Особенно очевидна польза щадящего раннего бега для больных позвоночником, так как мышцы с утра работают лучше, не так напряжены, как после рабочего дня. Но в любом случае, при проблемах с опорно-двигательным аппаратом, заниматься бегом следует по согласованию с врачом. Мнение его должно стать основанием для занятий.

Как подготовиться

Чтобы получить максимально удовольствие от пробежек, нужно внимательно подходить к этой процедуре. Важным моментом является правильная экипировка. Одежда на пробежку будет зависеть полностью от сезона, в который она совершается.

Для занятий в теплое время года подойдет простой наряд: шорты и майка. В качестве обуви можно остановиться на кроссовках или мокасинах. Если с утра прохладно, то можно взять легкую ветровку.

В более холодный период следует позаботиться о головном уборе и перчатках. Пробежка в зимнее и осеннее время выполняется в утепленных вещах и обуви.

Как правильно тренироваться

Тем, кто решил начать совершать пробежки с утра, следует понимать, что много бегать и чрезмерно – это не значит, что будет отличный результат.

Лучшим вариантом для утренней пробежки является трусца, которая идеально подойдет для любого возраста. Подобный вариант занятий взбодрит организм, положительно подействует на работу головного мозга, укрепит мышцы, поможет справиться с депрессией.

Чтобы достичь максимального результата от утренних пробежек, следует придерживаться простых правил:

  1. Оптимальным временем для подобных занятий является промежуток с 6.30 до 7.30 утра.
  2. Выполняются пробежки исключительно натощак.
  3. Перед тем, как отправиться на улицу специалисты советуют принимать контрастный душ, выполнять небольшую гимнастическую разминку, а также выпить стакан теплой воды.
  4. С собой следует брать небольшую бутылочку воды, чтобы утолить жажду.
  5. Начинать занятия лучше всего с небольших нагрузок и бегать не более 20 минут. Постепенно время, отведенное на бег, должно увеличиваться.
  6. Если на улице наблюдаеются экстремальные погодные условия (сильная жара или холод), лучше занятия отложить, а если потребуется и отказаться в этот день от них вовсе.

Обратите внимание! Если целью бега, является похудение, то ускорить процесс можно, выбрав для занятий неровную местность. При подъеме верх увеличивается нагрузка, быстрее работают процессы обмена веществ, начинают активнее сжигаться жиры.

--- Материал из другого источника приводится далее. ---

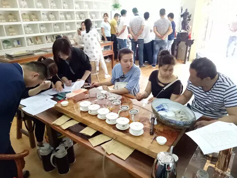 在簡(jiǎn)短而熱烈的歌唱琴藝表演及店長(zhǎng)致辭之后,品鑒會(huì)正式開始。此次易武斗茶會(huì)明星茶全國(guó)品鑒會(huì),祥源茶為大家傾情奉上了來(lái)自普洱名山頭的2016年新茶,包括倚邦、革登、莽枝、蠻磚、攸樂五大茶山以及來(lái)自易武七村八寨的珍稀茶品,20款名山名(村)寨茶一經(jīng)亮相,便引得現(xiàn)場(chǎng)驚嘆連連!

Важно регулировать интенсивность нагрузки во время занятия: сначала рекомендуется выполнять ходьбу, затем перейти на средний темп бега, минут пять (не более) бежать на максимальной скорости, затем постепенно снова снизить темп занятия и закончить быстрым шагом.

Специалисты утверждают, что для человека достаточно бегать 3-4 раза в течение недели. Но если есть желание и позволяет физическая подготовленность, то утренние пробежки можно устраивать ежедневно.

Почему может быть вредно бегать утром

Правильно организованный бег не нанесет вреда организму. Но все же вопрос, вредно ли часто бегать утром, витает в воздухе. Вредны в большинстве случаев чрезмерные нагрузки на организм. Если бегать быстрее, чем 11км/ч, то высока вероятность со временем заработать инфаркт. Оптимальным вариантом являются занятия не более 50 минут и бегом трусцой.

Существует и перечень заболеваний, которые являются противопоказаниями утренним пробежкам:

  • нарушения эндокринной системы;
  • проблемы с мочеполовой системой;
  • легочная недостаточность;
  • патологии и болезни, связанные с позвоночником. Нагрузка на больной позвоночник должна быть правильно распределена, а это может сделать только врач;
  • сердечные пороки;
  • глаукома;
  • сахарный диабет некоторых типов;
  • проблемы с давлением любого характера;
  • внутриглазное давление;
  • заболевания простудного характера.

Также стоит отложить утренний бег в период послеоперационного восстановления организма и во время обострения хронических заболеваний.

Если бегать все же сильно хочется, то можно всегда заменить активную тренировку прогулкой размеренным шагом или ходьбой с палками по тем местам, где совершалась ранее пробежка.

Малая подвижность, лишний вес из-за несбалансированного питания, отвратительное настроение с раннего утра, вялость и апатичность днем - это знакомо многим. Но есть универсальное средство избавления от подобной хвори - утренняя пробежка.

Бег стал популярен недавно, и с каждым годом миллионы людей выбирают этот легкий вид спорта как доступный способ поддерживать себя в форме и отменно чувствовать. Какая польза в раннем пробуждении, одевании кроссовок и выходе на улицу? Зачем это делать и как начать бегать по утрам правильно? Обо всем по порядку.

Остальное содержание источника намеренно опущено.